Editor’s Note: Ben W. Heineman, Jr. is a former GE senior vice president for law and public affairs and a senior fellow at Harvard University’s schools of law and government.

In a striking example of formalism over realism, the European Court of Justice on September 14, 2010 ruled that the attorney-client privilege applied only when a communication was connected to the “client’s right of defence” and when the exchange emanated from “‘independent lawyers’, that is from ‘lawyers who are not bound to the client by a relationship of employment’.”

In rejecting the privilege for in-house lawyers in Akzo Nobel Chemicals Ltd l v. European Commission, the ECJ was affirming the holdings of a 1982 case (AM & S Europe Ltd v. European Commission) and rejecting the arguments not just of Akzo but of numerous intervenors, both national entities (the governments of the UK, Ireland and the Netherlands) and legal groups (including the Netherlands Bar Association, the International Bar Association and the Association of Corporate Counsel).

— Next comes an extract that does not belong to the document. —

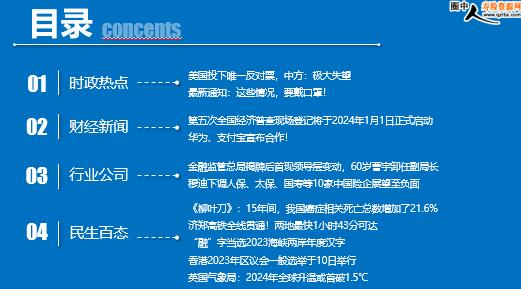 每日新闻速递 2023年12月11日 星期一 目录 时政热点 财经新闻 行业公司 民生百态 美国投下唯一反对票,中方:极大失望 最新通知:这些情况,要戴口罩! 第五次全国经济普查现场登记将于2024年1月1日正式启动 华为、支付宝宣布合作! 金融监管总局揭牌后首现领导层变动,60岁曹宇卸任副局长 穆迪下调人保、太保、国寿等10家中国险企展望至负面 《柳叶刀》:15年间,我国癌症相关死亡总数增加了21.6% 济郑高铁全线贯通!两地最快1小时43分可达 “融”字当选2023海峡两岸年度汉字 香港2023年区议会一般选举于10日举行 英国气象局:2024年全球升温或首破1.5℃ 时政热点 美国投下唯一反对票,中方:极大失望 2023-12-09 13:14 来源:澎湃新闻 据央视新闻报道,当地时间12月8日下午,联合国安理会投票,未能通过阿联酋提交的要求在加沙地带立即实施人道主义停火的决议草案。该决议草案由阿联酋提交,有97个国家作为共同参与国。该决议要求立即实行人道主义停火,履行国际法等规定的义务,并要求立即无条件释放所有人质,并确保人道准入。安理会15名成员中,13票赞成,英国1票弃权,美国1票反对。由于美国为安理会常任理事国,具有一票否决权,决议未能通过。对于美方否决巴以局势决议草案,巴勒斯坦常驻联合国代表曼苏尔表示,这是“悲哀的一天”。 最新通知:这些情况,要戴口罩! 2023-12-10 00:05 来源:南方都市报 12月9日,国家疾控局发布“关于印发预防呼吸道传染病公众佩戴口罩指引(2023年版)的通知”。应佩戴口罩的情形或场景 1.新冠病毒感染、流感、肺炎支原体感染、呼吸道合胞病毒感染等呼吸道传染病感染者前往室内公共场所或与他人近距离接触(距离小于1 米,下同)时。 2.出现发热、咳嗽、流涕、咽痛、肌肉酸痛、乏力等呼吸道传染病症状者前往室内公共场所或与他人近距离接触时。 3.前往医疗机构就诊、陪诊、陪护、探视时。 4.呼吸道传染病高发期间,外来人员进入养老机构、社会福利机构、托幼机构等脆弱人群集中场所时。 5.呼吸道传染病高发期间,养老机构、社会福利机构、 托幼机构、学校等重点机构的医护、餐饮、保洁、保安等公共服务人员工作期间。

At issue were two emails about antitrust issues – obtained in a dawn raid aimed at enforcing EU competition laws – exchanged between a general manager and an in-house lawyer who was a member of the Netherlands bar. Although the in-house Dutch lawyer was just as bound by the ethical rules of the bar association as outside lawyers, the European Court of Justice held the emails were not privileged on the sole ground of in-house employment.